It’s easy to forget that you have a Canary Island bellflower in your garden until Jack-and-the-Beanstalk like, a new shoot appears and quickly rockets up to 1m in height within days. That’s exactly what happened in my garden.
I had never heard of or seen a Canary Island bellflower until back in November 2008 when I bought a fragile looking little plant which I was told was a climber with orangeflowers. I thought it might go well with a yellow Allamanda that was growing in my courtyard. When I got it home I placed it, still in the pot, amongst some greenery at the base of the Allamanda, intending do a bit of research on it before I planted it. It promptly died before I had done any research! Or so I thought. It was a case of out of sight out of mind.
I forgot about it until the following autumn when a new plant with semi-succulent leaves suddenly appeared. I did a quick Google and learnt that the Canary Island bellfIower goes dormant in hot dry weather and, as I discovered in my garden, it dies back completely in summer. As predicted it died down again in early summer without producing any flowers but the following May up it shot again, this time twining up through a dwarf frangipani.
I went on holiday for 6 weeks and when I returned I was really thrilled to discover that there were half a dozen flowers in bloom. They continued to glow like little lanterns for over a month. The bells are about 3cm long and are pale orange with red veins and are so tough that they feel like plastic. This means that each flower actually lasts for the whole flowering season of June and July. The stems look weak and as though they would easily snap but in fact they can be repositioned without them breaking. The toothed leaves are soft and velvety. Apparently the flowers are pollinated by birds but I haven’t noticed any visiting my plant.

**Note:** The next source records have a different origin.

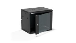 Szafa rack wisząca 19 cali 9U 600x450, drzwi szklane, tył i osłony boczne demontowalne, ZŁOŻONA kolor czarny ALANTEC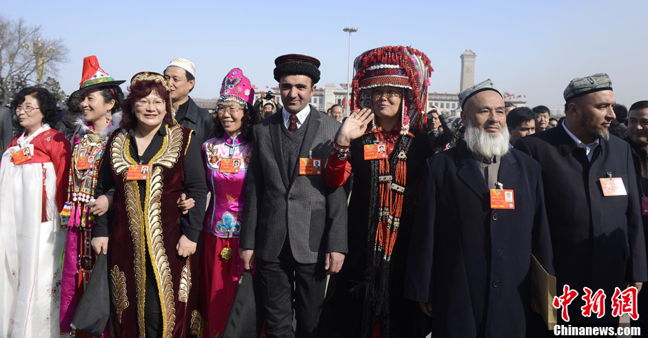 3月3日,全国政协十二届一次会议在北京开幕,各民族委员一同步入会场。中新社发 侯宇 摄
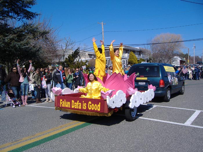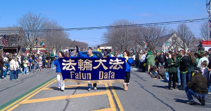 ![]() 长岛最东部莫泰克镇圣派翠克节游行中的法轮功队伍 |

A week or so ago a new shoot emerged again so I am looking forward to another display this winter.
The Canary Island bellflower goes by the rather lovely botanic name of Canarina canariensis and is related to another genus of beautiful bellfowers, Campanula. It is only found in the Canary Islands where it grows in the shady forests. Canarinas prefer humus rich soil that is well drained. Underground storage tubers mean that they can survive the long dry periods of summer. These tubers can rot if the soil is too wet during dormancy but on the other hand they can die if the soil is too dry at this time.
My plant is still in its original pot sitting at the base of the Allamanda but it appears to be quite happy there as it is well drained and is sheltered by the vegetation around it. I know this isn’t best horticultural practice but as it was forgotten for so long and seemed to be going OK I didn’t want to disturb it too much. I have tried to cut away as much pot as possible to free it up a bit. It receives very little water from the reticulation system during the summer months but is well watered in winter by the rain.
During this last year I watered it from time to time with worm juice and it received a small amount of Osmocote that I occasionally broadcast around but other than that, it hasn’t had any special treatment. It seems to have thrived on neglect but I think the microclimate in my courtyard provides just the right environment for it – warm, frost free and the tuber and roots are shaded from the hot afternoon sun in summer.
Although the Canarina comes into flower after the Allamanda has finished flowering I’m glad that I bought it because it is great to have some colourful flowers in the winter months.